Noble birth of music and travelling musicians
During the Middle Ages, the European church music was sung in Latin.
From around the 10th century, professional male musicians provided music
for entertainment. Some travelled around the countryside, playing in
rich households for money and food. They wrote songs and accompanied
themselves on musical instruments.
Secular poetry and polyphony played a major role during the medieval
time as the most significant development began in these two genres in
western classical music. It is said that the western harmony origins
with the development of polyphony. People enjoyed early part of music
for its own sake without understanding the essence of music and what was
described in it.
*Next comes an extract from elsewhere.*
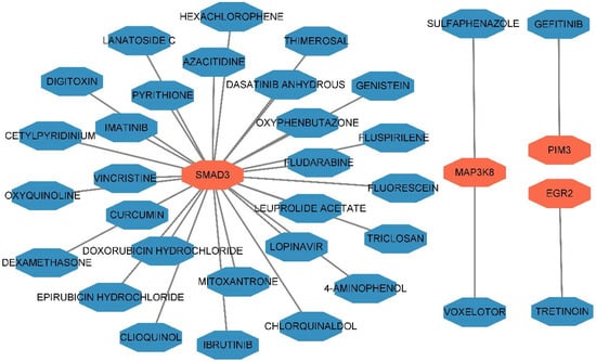 Cytoscape was used to construct a drug–gene interaction network (Figure 4 and Supplementary Table S12). A total of 32 interactions were observed between 32 small-molecule drugs and 4 pleiotropic genes (MAP3K8, EGR2, PIM3, and SMAD3), which may represent novel therapeutic targets for IBD.

However polyphonic music was used by rich locals in
feasts and it became a symbol of their social class and vanity item
which is even visible today.
Artistic developments
Though the church music or sacred music played the dominant role in
medieval period, secular music also had the artistic developments.
However secular music spread across Europe combined with sacred themes.
Travelling aristocratic singers sang these songs moving from one place
to another and it is believed that Richard Wagner was inspired by their
music in later period.
Medieval musicians can be divided into two types: Minstrels and
Troubadours.
Minstrels were professional musicians and instrumentalists. They were
often employed by troubadours, trouveres, (poet-musicians, often of
noble birth) and minnesingers (German aristocratic poet musicians) to
play accompaniments to their songs. Some found steady employment at a
court or castle. Others wandered freely form one place to another
earning their money.
However a successful minstrel was far more than a mere musician. As a
12th century manuscript points out, he was expected ‘to be good at
storytelling and rhyming, and trials of skill’. He must know how to play
the drum, the cymbals and the hurdy-gurdy (a musical instrument); to
juggle with apples, and to throw and catch knives; to imitate birdsongs,
to perform card tricks, to play the citole and the lute, the harp and
the fiddle and many other instruments. They created ballads and
memorised long poems as well.
Travelling artistes
A great many songs were written by the troubadours. They lived in
southern France and travelled from one place to another. Many troubadour
poems are concerned with courtly love and the idealisation of women and
their performances were open for common people as well as nobles. The
melodies of these songs presented the problems of present day
performance. They were written usually in the same square shaped
‘neumes’ as those used for plainsongs. The pitch was clearly indicated
but not the rhythm.
It is clear that the human voice became the main musical instrument
at that time. As the Christianity spread, hymns and secular songs became
popular mostly among aristocrats and music became a part of church life.